17 May 2020 Environmental practices of South Africa’s Indigenous ‡Khomani Bushmen
By Julie Grant
From Australian bushfires to the melting of polar icecaps – the climate emergency is on everyone’s lips. Daily reports proliferate from media houses, through newspapers and websites, while civil society distributes its own nuanced interpretations. Whether there is in fact a climate emergency is also being debated as are the best ways to address the situation- including how to contain the sustained damage while minimising future damage.
Greenhouse gas (GHG) emissions are a foremost contributor to climate change with the burning of fossil fuels that release carbon dioxide being the main culprit (IPCC, 2007: 23-25). Deforestation contributes to the emergency as forests act as banks for carbon deposits (Survival International, 2007:2). When forests are destroyed this carbon is released into the atmosphere contributing to global warming. Although the global North is responsible for much of the GHG emissions, it is the global South that is most likely to incur the resulting extreme climatic events (Chanza and de Wit, 2016: 35). Indigenous Peoples (IPs) are most susceptible to climate change (Green and Raygorodetsky, 2010: 239).
IPs are affected directly and indirectly. For example, directly: rising sea levels due to increased temperatures flood indigenous islanders living in the Pacific (UNPFII, 2008). Indirectly IPs are paradoxically threatened by the implementation of strategies aimed at abating the phenomenon. IPs in Kenya are being evicted in an effort to protect forests (Survival International, 2009: 7) while Brazil’s IPs are losing land to biofuel production (Survival International, 2009: 5-6), the production of which aims to enable a move away from fossil fuels.

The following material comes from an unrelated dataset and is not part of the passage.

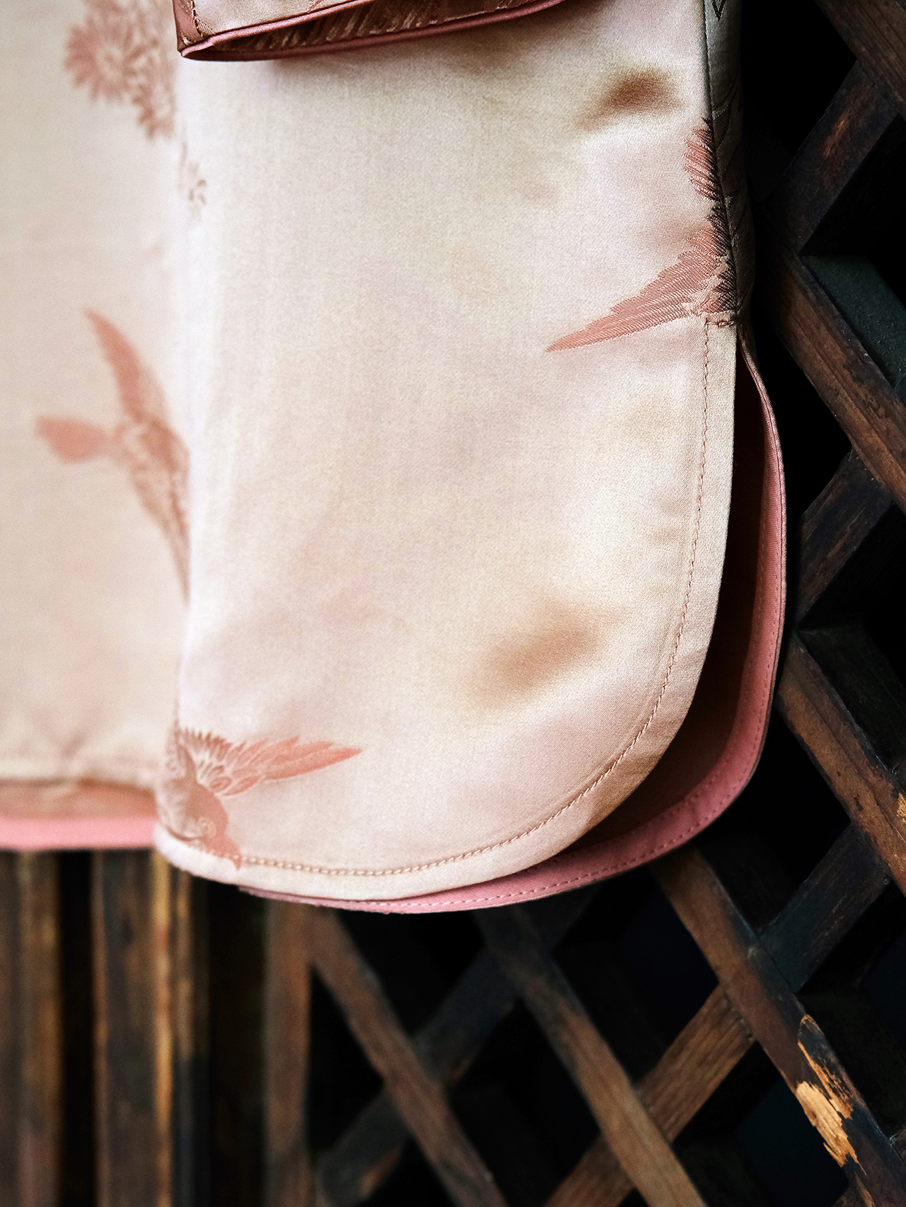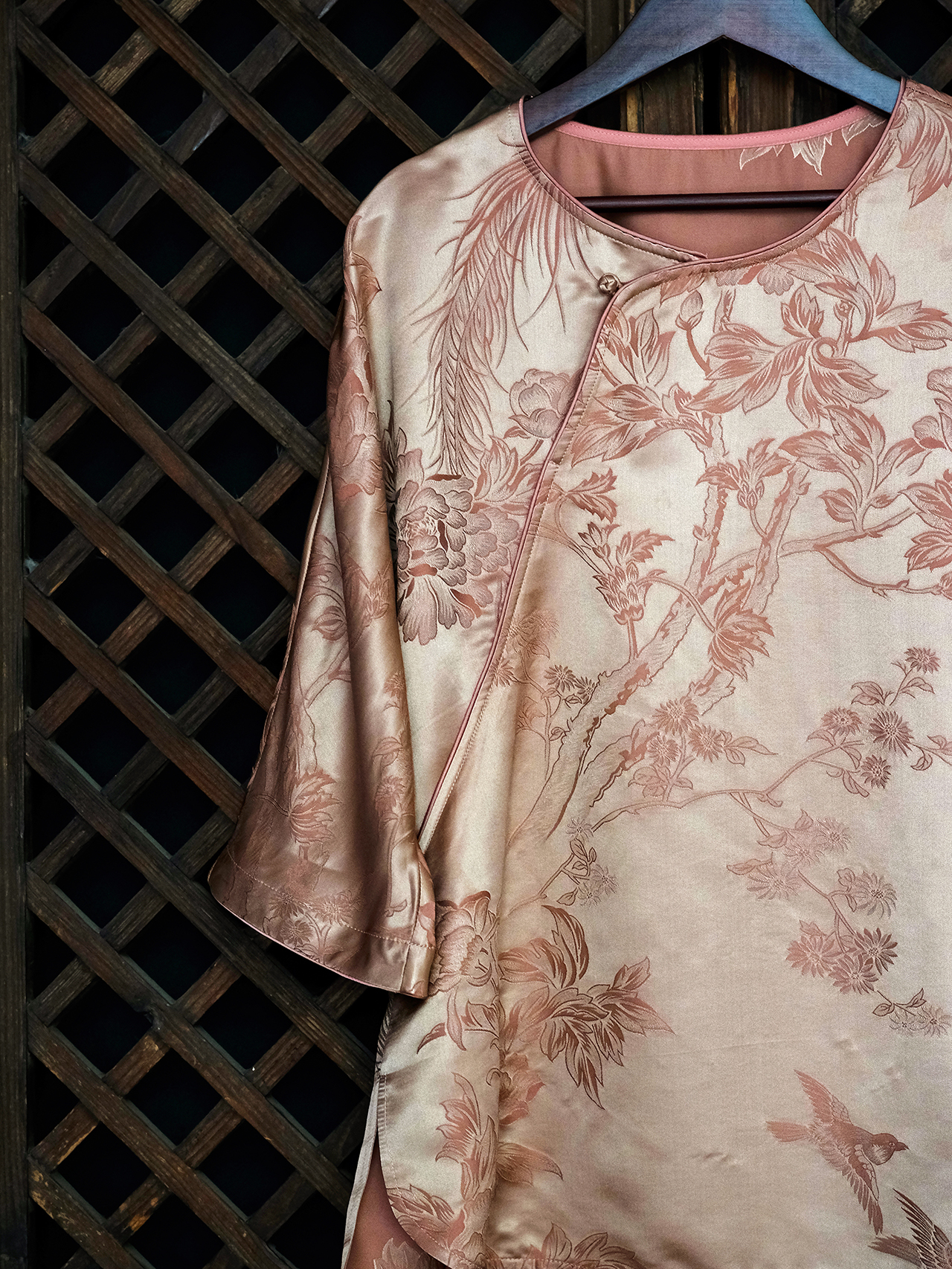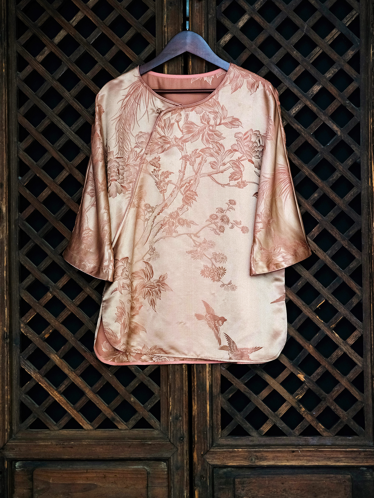 盛唐婧| 新中式老缎圆领斜襟七分袖上衣-粉色

Climate activists are calling for the world’s inhabitants to change their lifestyles. It is often suggested that people should learn from IPs who are perceived as living environmentally mindful lives, contributing little to climate change (Chanza and de Wit, 2016: 36).

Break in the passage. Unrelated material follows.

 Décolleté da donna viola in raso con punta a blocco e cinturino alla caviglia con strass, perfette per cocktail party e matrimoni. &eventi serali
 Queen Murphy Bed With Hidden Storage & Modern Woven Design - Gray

The ‡Khomani Bushmen of South Africa
The ‡Khomani, the last remaining indigenous Bushmen1 of South Africa, reside in the Northern Cape Province in the southern Kalahari Desert. South Africa’s temperatures are rising at twice the global average (Heiberg, 2020) with 2019 producing record high temperatures (Gaworecki, 2020). 2015 was also the driest year on record in South Africa with water levels dwindling in particular areas. Specifically, the Northern Cape has been suffering from consecutive years of abnormally high temperatures and below average rainfall (Heiberg, 2020).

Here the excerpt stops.